Use ${r}^{2} = {x}^{2} + {y}^{2}$

#### Explanation:

There are a couple of basic relations here that are helpful. The Pythagorean theorem and the unit circle tell us that the square of hypotenuse of a right triangle is equal to the sum of the squares of the of other two sides, or:

${a}^{2} + {b}^{2} = {c}^{2}$

Now throw that right triangle inside a circle (circumscribe it), such that one corner is on the origin, and the other is on the circumference of the circle. This will invariably leave the right angle sitting on the x or y axis.

This makes the hypotenuse the radius of the circle, and the other two sides the x and y axis. So our relation becomes:

${x}^{2} + {y}^{2} = {r}^{2}$

From the unit circle, we can find that the length of the leg on the x axis is determined by the cosine of the angle between the x axis and the hypotenuse of our circumscribed triangle.
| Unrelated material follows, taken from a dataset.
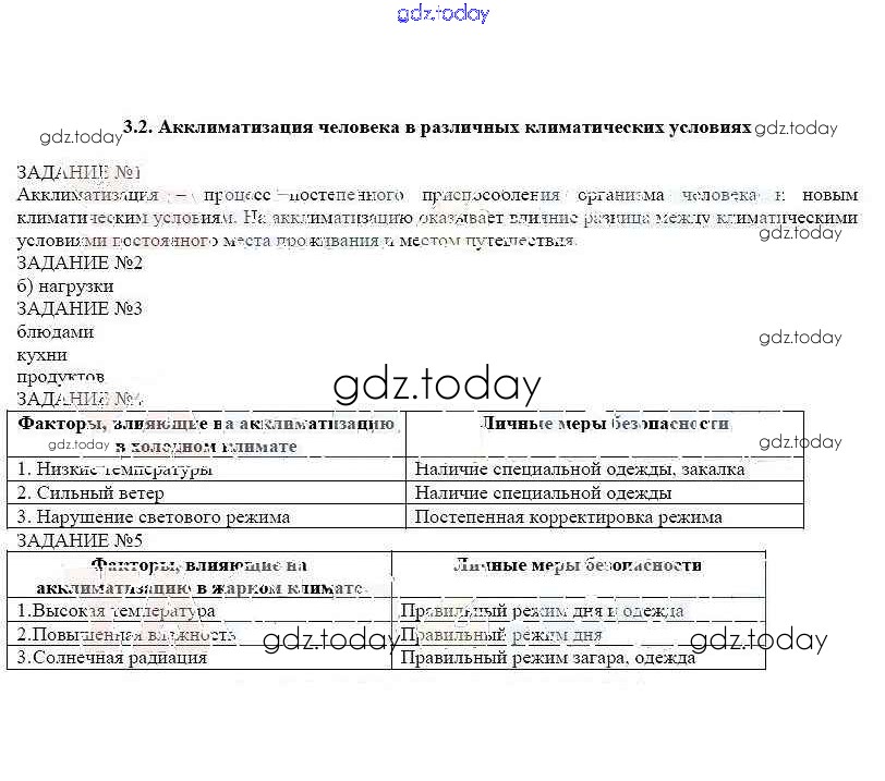 Ответы к Решение к главе 3 3.2 Рабочей тетради по ОБЖ для 6 класса Смирнов, Хренников Просвещение 2016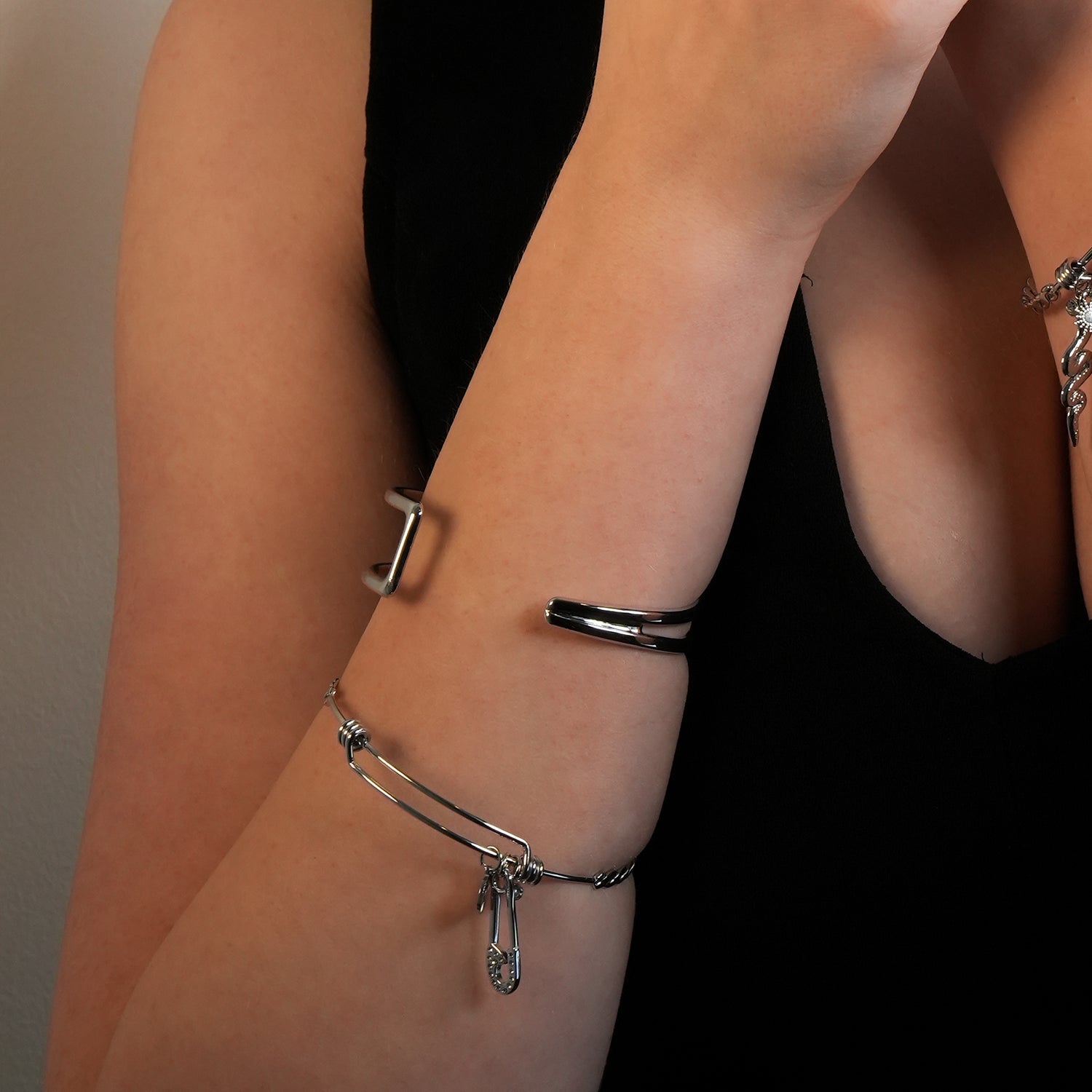 Add a touch of industrial edge and modern elegance to your jewelry collection with our abstract shaped bands bracelet. Perfect for any occasion, this bracelet is a testament to innovative design and superior craftsmanship. Whether you're dressing up for a special event or adding a statement piece to your everyday look, this bracelet is the ideal accessory to showcase your unique style.

SOHCAHTOA my friends, SOHCAHTOA. Using this we find that:

$x = r \cos \left(t\right)$
$y = r \sin \left(t\right)$

Where $r$ is the radius, and $\theta$ is the angle.

And since $\tan \left(\theta\right) = \sin \frac{\theta}{\cos} \left(\theta\right)$ we get a bonus (corollary) relation that:

$\tan \left(\theta\right) = \frac{x}{y}$

So putting it all together, you just write $r = \sqrt{{x}^{2} + {y}^{2}}$, substitute this into the given equation, and rearrange the terms.

All this leads me to believe that the x in the above equation should have been a $\theta$, because otherwise this equation is halfway to rectangular already.

If that's the case, you need to solve $x = r \cos \left(t\right)$ for $\cos \left(t\right)$, substitute the given relation for $r$, and then throw it all back in the original equation. Most people like to solve for $y$ after this to put the equation in general form, but with all those square roots kicking around it probably won't be possible.